- [EXERCISE INPUTS]
***
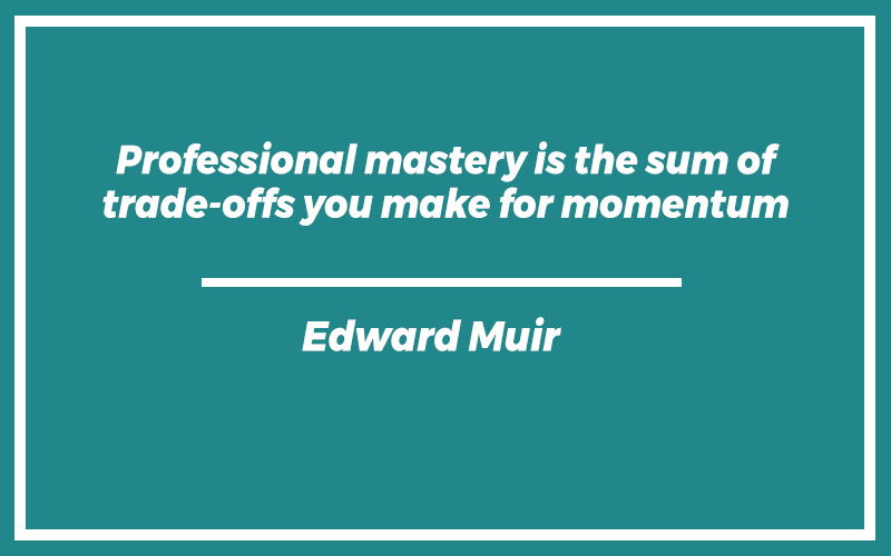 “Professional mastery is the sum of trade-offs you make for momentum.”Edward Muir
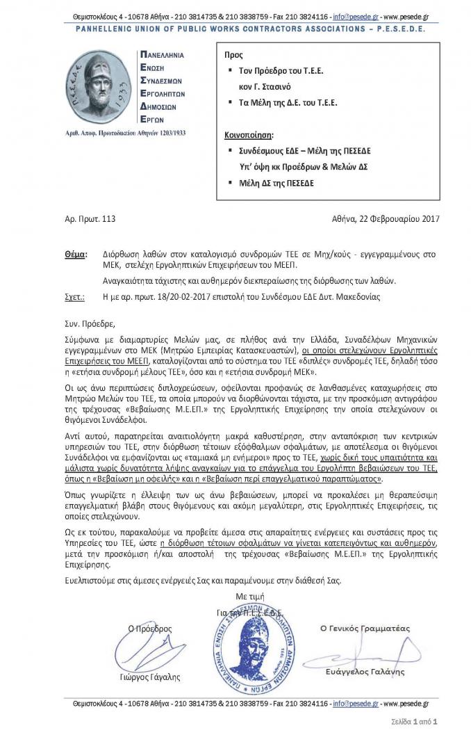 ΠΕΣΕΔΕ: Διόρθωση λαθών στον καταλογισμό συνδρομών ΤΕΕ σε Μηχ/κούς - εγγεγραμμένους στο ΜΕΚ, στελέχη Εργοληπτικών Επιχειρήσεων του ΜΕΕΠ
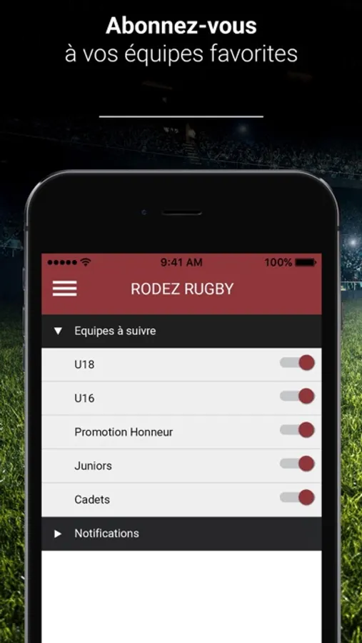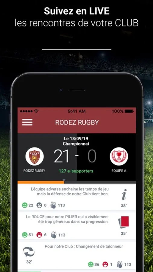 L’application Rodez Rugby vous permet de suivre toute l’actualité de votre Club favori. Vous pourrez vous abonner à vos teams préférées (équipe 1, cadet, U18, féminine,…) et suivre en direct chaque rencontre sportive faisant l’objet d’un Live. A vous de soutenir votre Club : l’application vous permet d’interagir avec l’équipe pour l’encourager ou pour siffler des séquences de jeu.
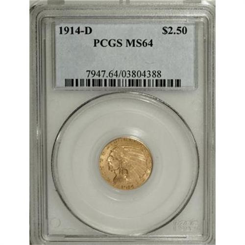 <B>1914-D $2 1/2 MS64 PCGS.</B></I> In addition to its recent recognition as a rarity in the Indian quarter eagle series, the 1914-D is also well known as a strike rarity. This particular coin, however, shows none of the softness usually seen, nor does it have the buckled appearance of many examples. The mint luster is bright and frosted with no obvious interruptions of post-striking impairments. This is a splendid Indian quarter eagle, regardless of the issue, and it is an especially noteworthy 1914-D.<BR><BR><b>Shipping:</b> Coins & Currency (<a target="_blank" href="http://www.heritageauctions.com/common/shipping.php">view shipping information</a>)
***
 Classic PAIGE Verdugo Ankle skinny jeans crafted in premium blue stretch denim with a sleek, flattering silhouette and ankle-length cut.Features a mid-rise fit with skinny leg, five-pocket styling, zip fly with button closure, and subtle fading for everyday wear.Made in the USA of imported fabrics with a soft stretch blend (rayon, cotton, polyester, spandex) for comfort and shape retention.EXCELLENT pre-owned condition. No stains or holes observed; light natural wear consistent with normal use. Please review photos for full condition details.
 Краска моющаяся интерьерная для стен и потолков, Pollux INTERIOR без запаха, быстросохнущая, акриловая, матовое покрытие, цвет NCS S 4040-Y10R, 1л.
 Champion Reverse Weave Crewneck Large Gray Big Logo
***
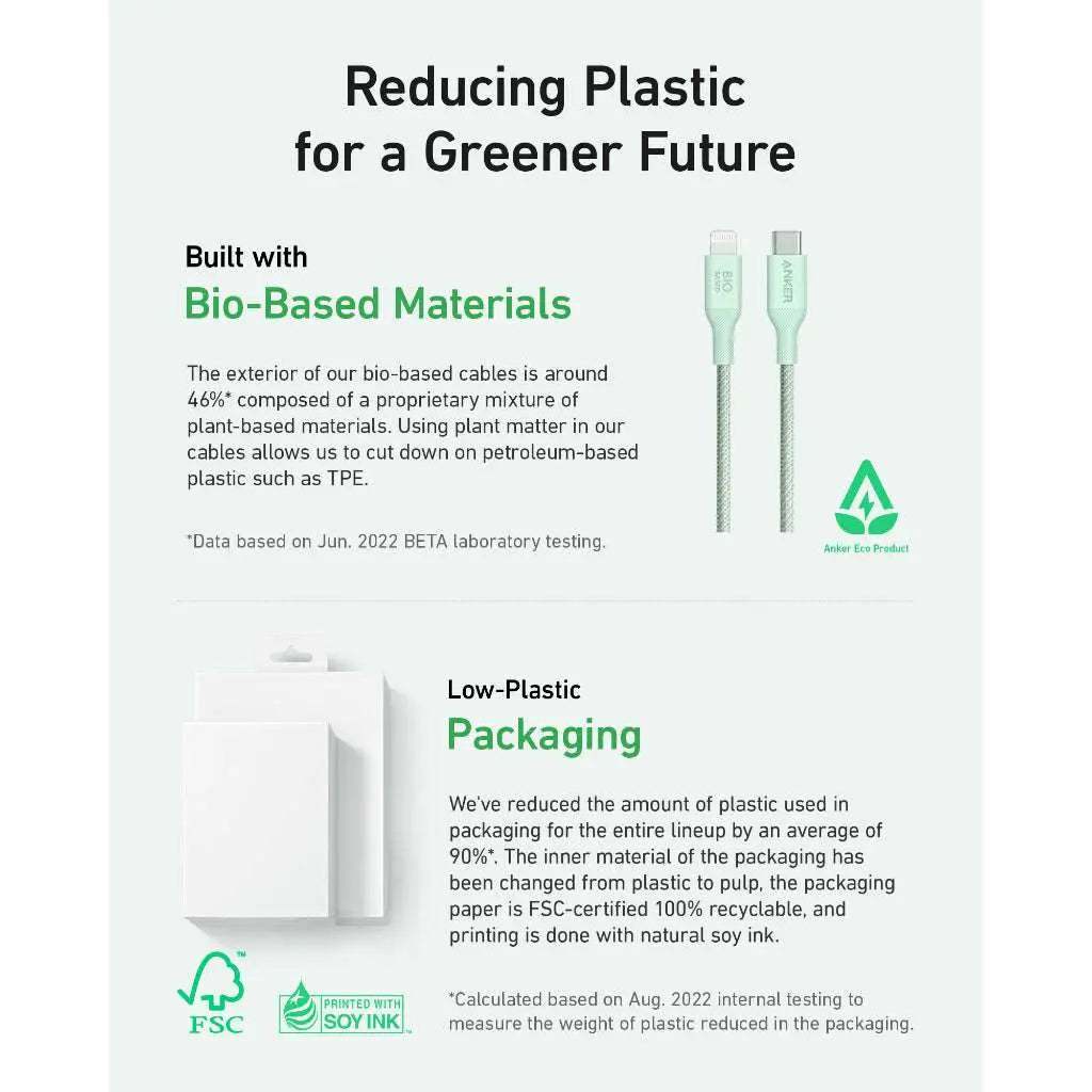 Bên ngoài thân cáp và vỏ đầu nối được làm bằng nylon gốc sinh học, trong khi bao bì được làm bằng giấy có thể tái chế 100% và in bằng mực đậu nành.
***
- [TASK TO COMPLETE] Above this task is a listing with pictures in it. Retype only the lines from the one containing "mastery is the" through the one containing "ΠΕΣΕΔΕ: Διόρθωση λαθών", both included, and not the pictures.

- [EXERCISE ANSWER]
 “Professional mastery is the sum of trade-offs you make for momentum.”Edward Muir
 ΠΕΣΕΔΕ: Διόρθωση λαθών στον καταλογισμό συνδρομών ΤΕΕ σε Μηχ/κούς - εγγεγραμμένους στο ΜΕΚ, στελέχη Εργοληπτικών Επιχειρήσεων του ΜΕΕΠ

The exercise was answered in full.